(What is being asked) Beginning with the line that holds "The Novell Storage" and finishing with the line that holds "Offering a slice", repeat the listing exactly, leaving every picture out.

(Exercise data)
== Segment start ==

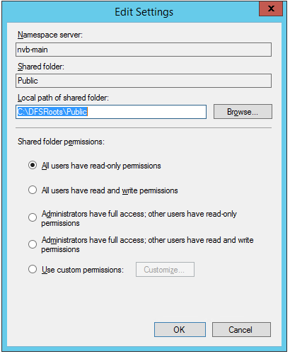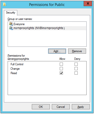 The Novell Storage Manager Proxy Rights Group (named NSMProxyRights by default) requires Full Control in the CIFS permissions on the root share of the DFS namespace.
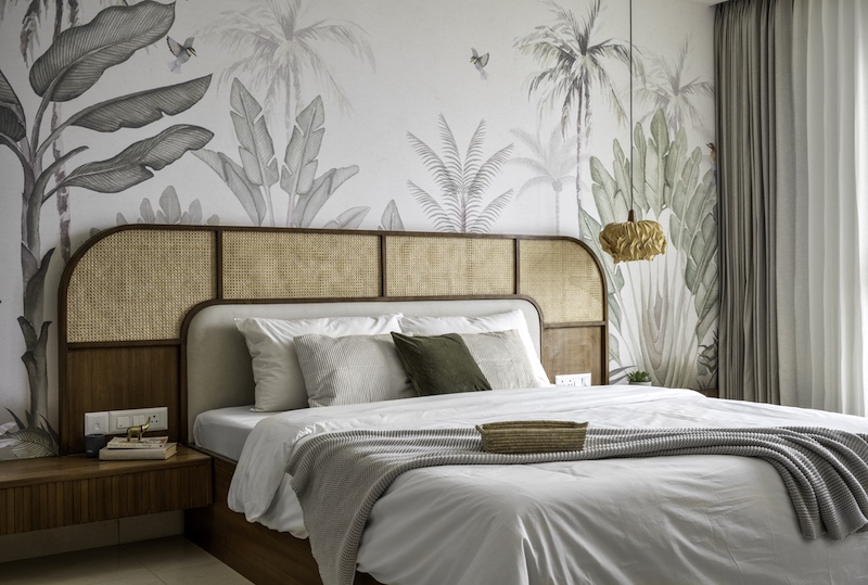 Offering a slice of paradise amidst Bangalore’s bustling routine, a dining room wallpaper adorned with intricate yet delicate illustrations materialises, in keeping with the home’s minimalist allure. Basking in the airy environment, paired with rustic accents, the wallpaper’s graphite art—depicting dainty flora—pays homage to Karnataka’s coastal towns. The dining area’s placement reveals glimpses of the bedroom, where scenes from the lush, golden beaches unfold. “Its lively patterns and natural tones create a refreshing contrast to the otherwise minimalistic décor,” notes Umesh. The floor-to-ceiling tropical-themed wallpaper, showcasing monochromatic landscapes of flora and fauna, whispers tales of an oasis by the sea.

== Segment end ==
== Segment start ==

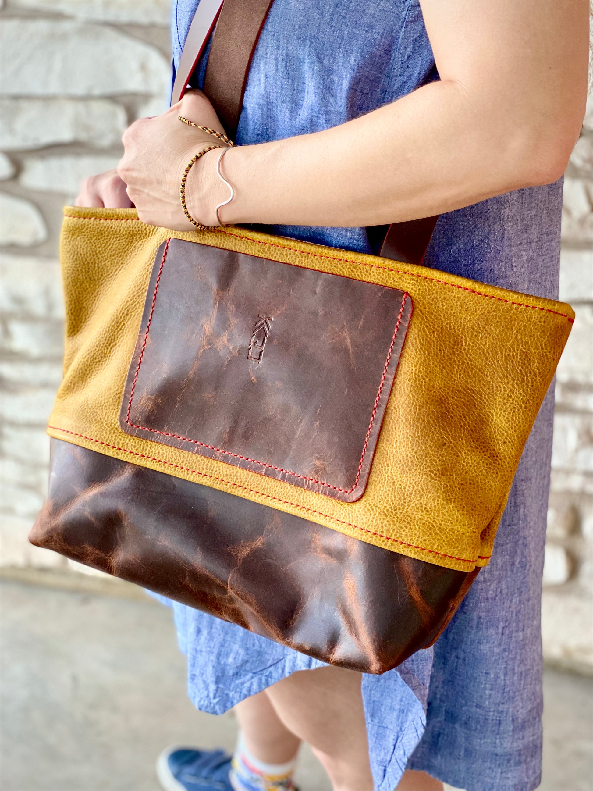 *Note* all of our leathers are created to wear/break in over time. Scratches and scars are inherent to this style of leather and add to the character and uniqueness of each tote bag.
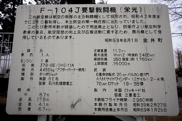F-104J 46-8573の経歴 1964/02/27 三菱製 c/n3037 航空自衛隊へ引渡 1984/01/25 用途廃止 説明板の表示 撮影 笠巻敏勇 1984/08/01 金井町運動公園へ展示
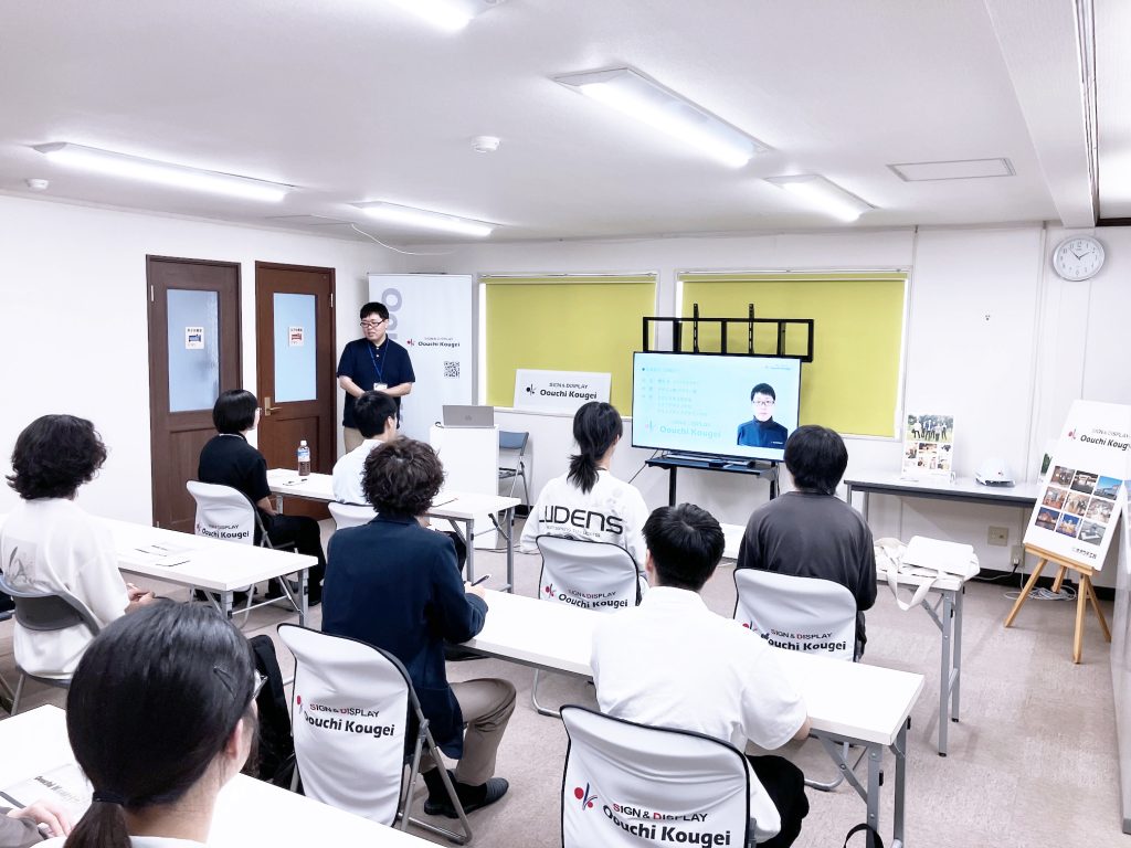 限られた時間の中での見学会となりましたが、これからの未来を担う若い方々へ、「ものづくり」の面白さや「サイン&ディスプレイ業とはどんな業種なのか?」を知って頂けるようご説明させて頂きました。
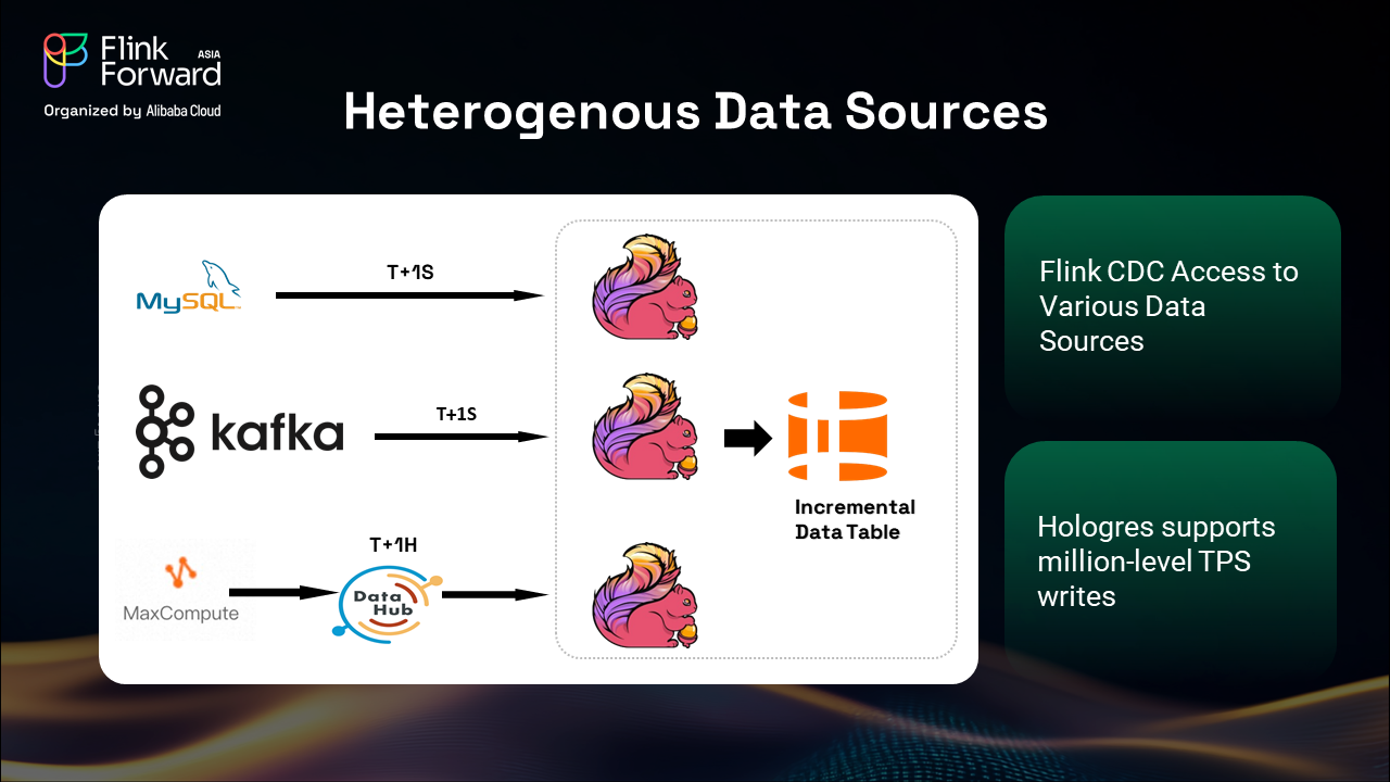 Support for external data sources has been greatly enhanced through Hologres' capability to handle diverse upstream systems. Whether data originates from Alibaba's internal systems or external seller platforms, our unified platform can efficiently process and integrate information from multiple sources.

== Segment end ==

(Exercise output)
 The Novell Storage Manager Proxy Rights Group (named NSMProxyRights by default) requires Full Control in the CIFS permissions on the root share of the DFS namespace.
 Offering a slice of paradise amidst Bangalore’s bustling routine, a dining room wallpaper adorned with intricate yet delicate illustrations materialises, in keeping with the home’s minimalist allure. Basking in the airy environment, paired with rustic accents, the wallpaper’s graphite art—depicting dainty flora—pays homage to Karnataka’s coastal towns. The dining area’s placement reveals glimpses of the bedroom, where scenes from the lush, golden beaches unfold. “Its lively patterns and natural tones create a refreshing contrast to the otherwise minimalistic décor,” notes Umesh. The floor-to-ceiling tropical-themed wallpaper, showcasing monochromatic landscapes of flora and fauna, whispers tales of an oasis by the sea.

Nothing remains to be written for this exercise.